Problem to work on:
Print a faithful copy of the data below, word for word, with the pictures left out.

Data below:
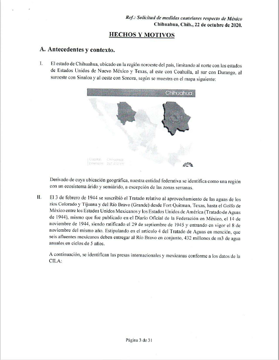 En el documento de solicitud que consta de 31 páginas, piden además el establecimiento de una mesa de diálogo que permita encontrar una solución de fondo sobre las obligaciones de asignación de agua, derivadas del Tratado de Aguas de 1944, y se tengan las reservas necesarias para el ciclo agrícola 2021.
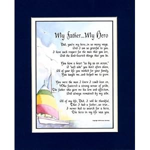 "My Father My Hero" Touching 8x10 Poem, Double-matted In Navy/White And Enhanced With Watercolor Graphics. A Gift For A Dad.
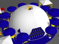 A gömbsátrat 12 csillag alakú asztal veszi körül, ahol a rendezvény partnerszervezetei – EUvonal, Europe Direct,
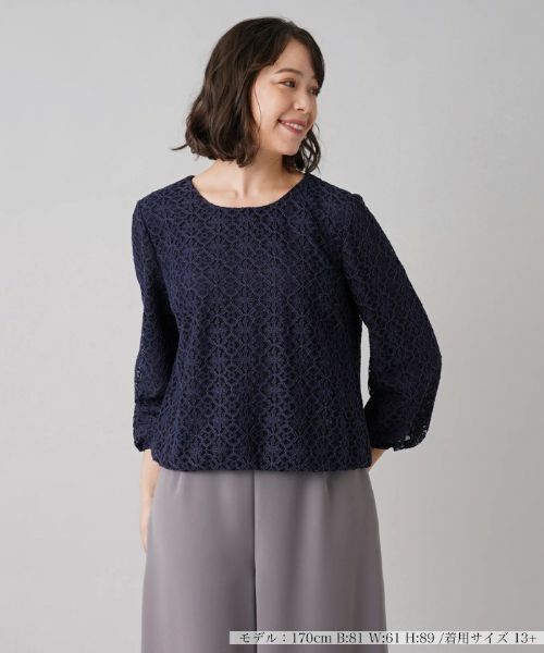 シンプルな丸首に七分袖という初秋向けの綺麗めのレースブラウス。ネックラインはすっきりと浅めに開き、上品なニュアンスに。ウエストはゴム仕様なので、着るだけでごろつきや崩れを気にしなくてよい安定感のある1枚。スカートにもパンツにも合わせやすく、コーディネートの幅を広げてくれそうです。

Exercise response:
 En el documento de solicitud que consta de 31 páginas, piden además el establecimiento de una mesa de diálogo que permita encontrar una solución de fondo sobre las obligaciones de asignación de agua, derivadas del Tratado de Aguas de 1944, y se tengan las reservas necesarias para el ciclo agrícola 2021.
 "My Father My Hero" Touching 8x10 Poem, Double-matted In Navy/White And Enhanced With Watercolor Graphics. A Gift For A Dad.
 A gömbsátrat 12 csillag alakú asztal veszi körül, ahol a rendezvény partnerszervezetei – EUvonal, Europe Direct,
 シンプルな丸首に七分袖という初秋向けの綺麗めのレースブラウス。ネックラインはすっきりと浅めに開き、上品なニュアンスに。ウエストはゴム仕様なので、着るだけでごろつきや崩れを気にしなくてよい安定感のある1枚。スカートにもパンツにも合わせやすく、コーディネートの幅を広げてくれそうです。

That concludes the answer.